##### Data

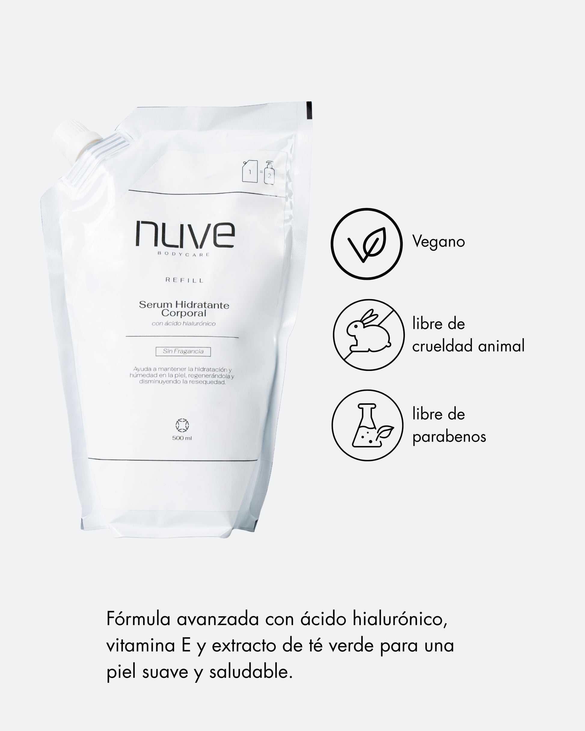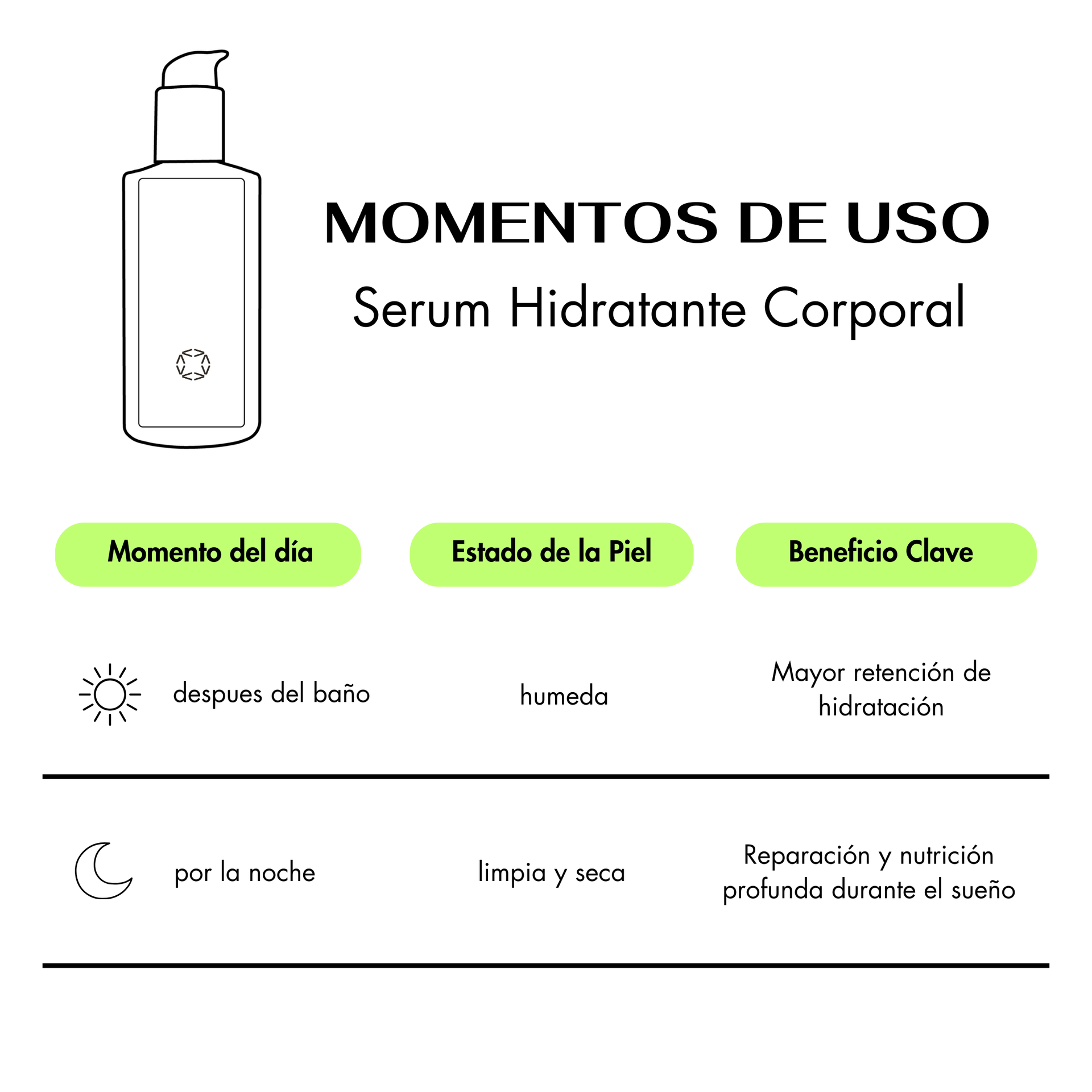 Aplica una pequeña cantidad sobre el cuerpo húmedo, distribuye con movimientos circulares y permite que el sérum se funda con tu piel. No es necesario secar ni enjuagar.
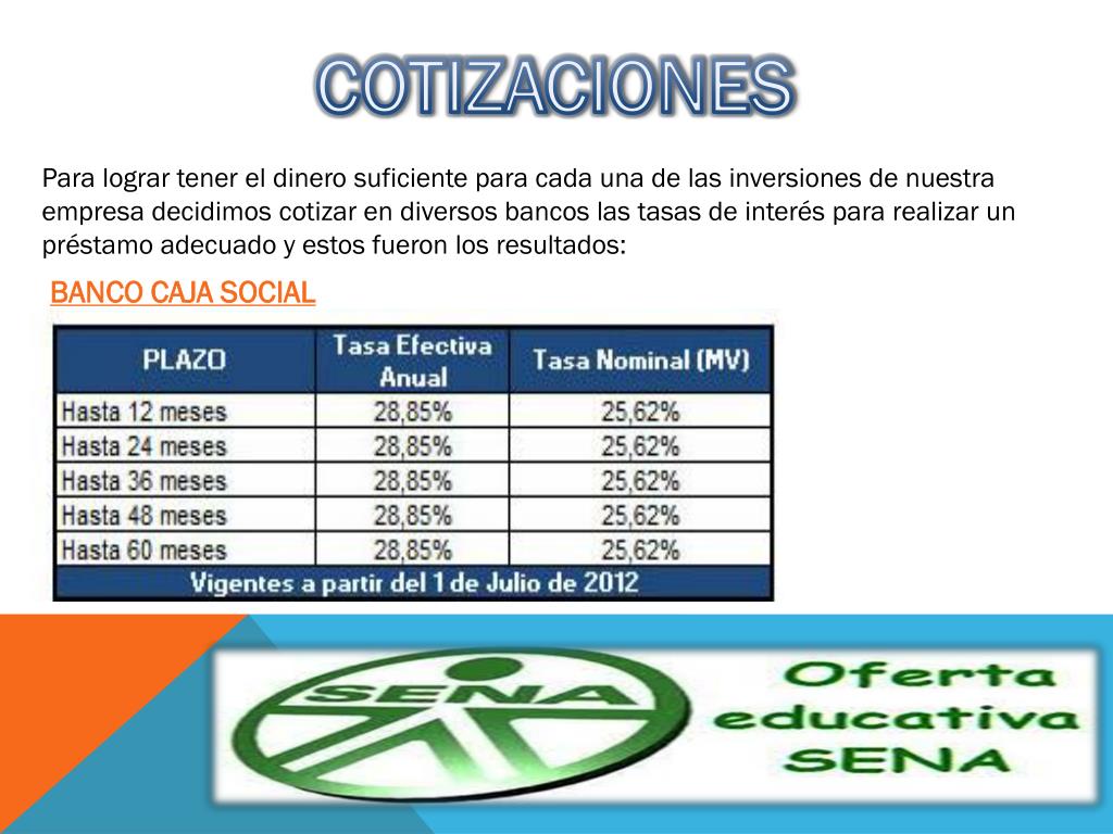 COTIZACIONES Para lograr tener el dinero suficiente para cada una de las inversiones de nuestra empresa decidimos cotizar en diversos bancos las tasas de interés para realizar un préstamo adecuado y estos fueron los resultados: BANCO CAJA SOCIAL
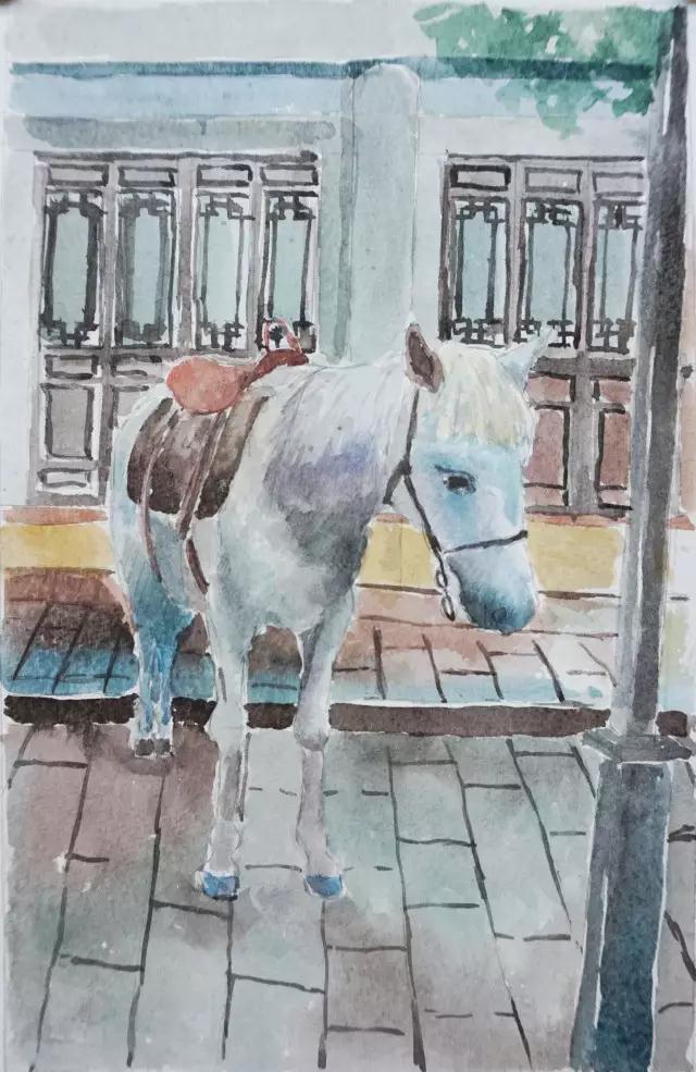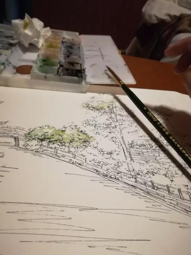 “水彩实习”这门课程是西南交大建筑与设计学院建筑学、城市规划、风景园林专业大二暑期的实习课程,在经过了半学期的课堂写生学习后,大家逐渐过渡到优美的户外风景写生中来。我国的建筑学科教育体系,也是参照西方教育体系设置的,50年代以来的建筑设计类专业,都必须系统地学习绘画,素描和水彩画是必修科目,有些学院甚至把美术作为考核学生是否适合学习建筑设计的前提。著名建筑大师杨廷宝、梁思成、齐康,无一不是技法娴熟的水彩画家。当然,作为建筑师、规划师,扎实的美学功底是成为出色设计师必不可少的先决条件,它包含建筑寓意、构图、形体、对比、色彩、空间等因素。

##########

Without the pictures, write out the whole listing exactly as it appears.

 Aplica una pequeña cantidad sobre el cuerpo húmedo, distribuye con movimientos circulares y permite que el sérum se funda con tu piel. No es necesario secar ni enjuagar.
 COTIZACIONES Para lograr tener el dinero suficiente para cada una de las inversiones de nuestra empresa decidimos cotizar en diversos bancos las tasas de interés para realizar un préstamo adecuado y estos fueron los resultados: BANCO CAJA SOCIAL
 “水彩实习”这门课程是西南交大建筑与设计学院建筑学、城市规划、风景园林专业大二暑期的实习课程,在经过了半学期的课堂写生学习后,大家逐渐过渡到优美的户外风景写生中来。我国的建筑学科教育体系,也是参照西方教育体系设置的,50年代以来的建筑设计类专业,都必须系统地学习绘画,素描和水彩画是必修科目,有些学院甚至把美术作为考核学生是否适合学习建筑设计的前提。著名建筑大师杨廷宝、梁思成、齐康,无一不是技法娴熟的水彩画家。当然,作为建筑师、规划师,扎实的美学功底是成为出色设计师必不可少的先决条件,它包含建筑寓意、构图、形体、对比、色彩、空间等因素。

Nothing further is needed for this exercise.